84年ぶりの修復を終え、真新しい収蔵庫に収まった重文「大日如来座像」=下田市蓮台寺の天神神社

 ■京都から帰還、特別公開 

 下田市蓮台寺の天神神社の国指定重要文化財「大日如来座像」が13日、84年ぶりの修復を終え、京都市の美術院国宝修理所から帰還した。老朽化していた収蔵庫も昨年9月に改修工事が完了。大日如来座像に続き、四隅を固める武将「四天王立像」を今年、同修理所で修復する。3月25日~4月2日、大日如来座像を特別公開(午前10時~午後3時)する。

 今回は、浮き上がった漆や金ぱくの剥落止め、台座の補強、像内部のくぎやかすがいのさび落としなどを行った。座像本体、台座、後光を表す光背(こうはい)とも、重厚な装いを取り戻した。昨年5月から修理に出していた。

 同日夕、大日如来座像を真新しい収蔵庫に収め、帰還の神事を行った。修復委員長の坂倉碩夫区長は「修復現場を2度見学した。84年分のあか落としから懇切丁寧な修復作業を拝見し、感動した。きれいになった大日如来座像を迎え、感無量」と話した。
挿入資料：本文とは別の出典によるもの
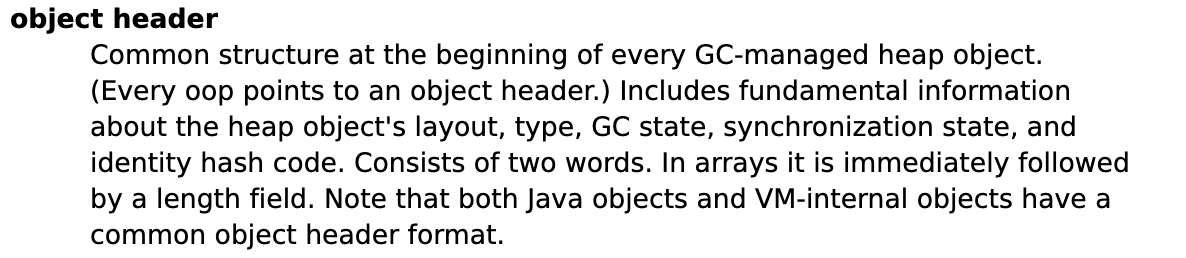 我们可以在Hotspot官方文档中找到它的描述(下图)。从中可以发现,它是Java对象和虚拟机内部对象都有的共同格式,由两个字(计算机术语)组成。另外,如果对象是一个Java数组,那在对象头中还必须有一块用于记录数组长度的数据,因为虚拟机可以通过普通Java对象的元数据信息确定Java对象的大小,但是从数组的元数据中无法确定数组的大小。
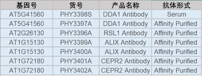 針對調節PYLs相關蛋白研究,PhytoAB最近推出了系列抗體如下:

 今回の修復は、老朽化した収蔵庫の改修計画が発端。文化庁の調査官や仏像専門家に調査を依頼した結果、大日如来座像、四天王立像とも傷みが激しいことが分かった。「蓮台寺の宝を廃仏にはできない」と2015年に修復委員会を立ち上げ、一体的に取り組むことになった。大日如来座像、四天王立像、収蔵庫合わせた総事業費は約3千万円。大日如来座像は、鎌倉時代の承久年間(1219~21年)に廃寺になったとされる幻の密教寺院「蓮台寺」の本尊と伝えられる。その特徴から平安後期の遺風を残した鎌倉初期の作とされる。ヒノキの寄せ木造りで、高さは114センチ。1920(大正9)年に国宝に指定され、法改正で現在は重要文化財となっている。